To make a gradient descent we need, well, compute gradients. We may use automatic differentiation packages to compute derivatives. Lets check PyTorch autograd with function:

\[ f(x) = e^{2x}sin(-x)x^2 \, , \]

\[ f'(x) = - xe^{2x}(x\cos(x) + 2\sin(x) + 2x\sin(x)) \, . \]

def some_function(x):
    a = torch.exp(2 * x)
    b = torch.sin(-x)
    c = x * x
    return a * b * c

def deriv_some_function(x):
    a = torch.cos(x) * x
    b = 2 * torch.sin(x)
    c = 2 * torch.sin(x) * x
    tot = - torch.exp(2 * x) * x * (a + b + c)
    return tot

x = torch.tensor(5., requires_grad=True)
y = some_function(x)
print(f'My derivative = {deriv_some_function(x):.3f}')

y.backward()
print(f'Torch derivative = {x.grad:.3f}')

x_linspace = torch.linspace(7, 12.3, 1000)
plt.plot(x_linspace, some_function(x_linspace), 'k--', label='Function')
plt.plot(x_linspace, deriv_some_function(x_linspace), label='Analytical deriv')

x_linspace = torch.linspace(7, 12.3, 1000, requires_grad=True)
y_linspace = some_function(x_linspace)
y_sum = torch.sum(y_linspace)
y_sum.backward()

plt.plot(x_linspace.detach().numpy(), x_linspace.grad, label='Torch deriv')
plt.legend();

What is going on during one epoch?

An epoch means training the neural network with all the training data for one cycle. In an epoch, we use all of the data exactly once. Learning of a NN may be decomposed on two parts:

Forward pass. Compute values:

Backward pass. Compute weights updates:

One forward pass and one backward pass are count as one pass.

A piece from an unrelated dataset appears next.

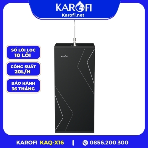 Máy lọc nước RO Karofi KAQ-X16 với 10 lõi lọc, máy được trang bị màng lọc RO 100 GPD sản xuất tại Hàn Quốc đảm bảo chất lượng, thu hồi đến 50% nước tinh khiết cùng nhiều tiện ích như ngừng hoạt động khi áp lực nước thấp, tự động xả nước thải,...

Recall training in one epoch:

for batch in loader:
    X, y = batch[0].unsqueeze(1).to(device), batch[1].unsqueeze(1).to(device)
    y_pred = model(X)
    l = loss(y_pred, y)

    opt.zero_grad()
    loss_epoch_train = np.append(loss_epoch_train, l.item())
    l.backward()
    opt.step()

In step l.backward(), torch automatically calculates loss derivatives for all weights of our function that requires_grad. In step opt.step(), torch updates the weights with derivatives according to the gradient descent methods used. This is called backpropogation and it is an essence of neural network training.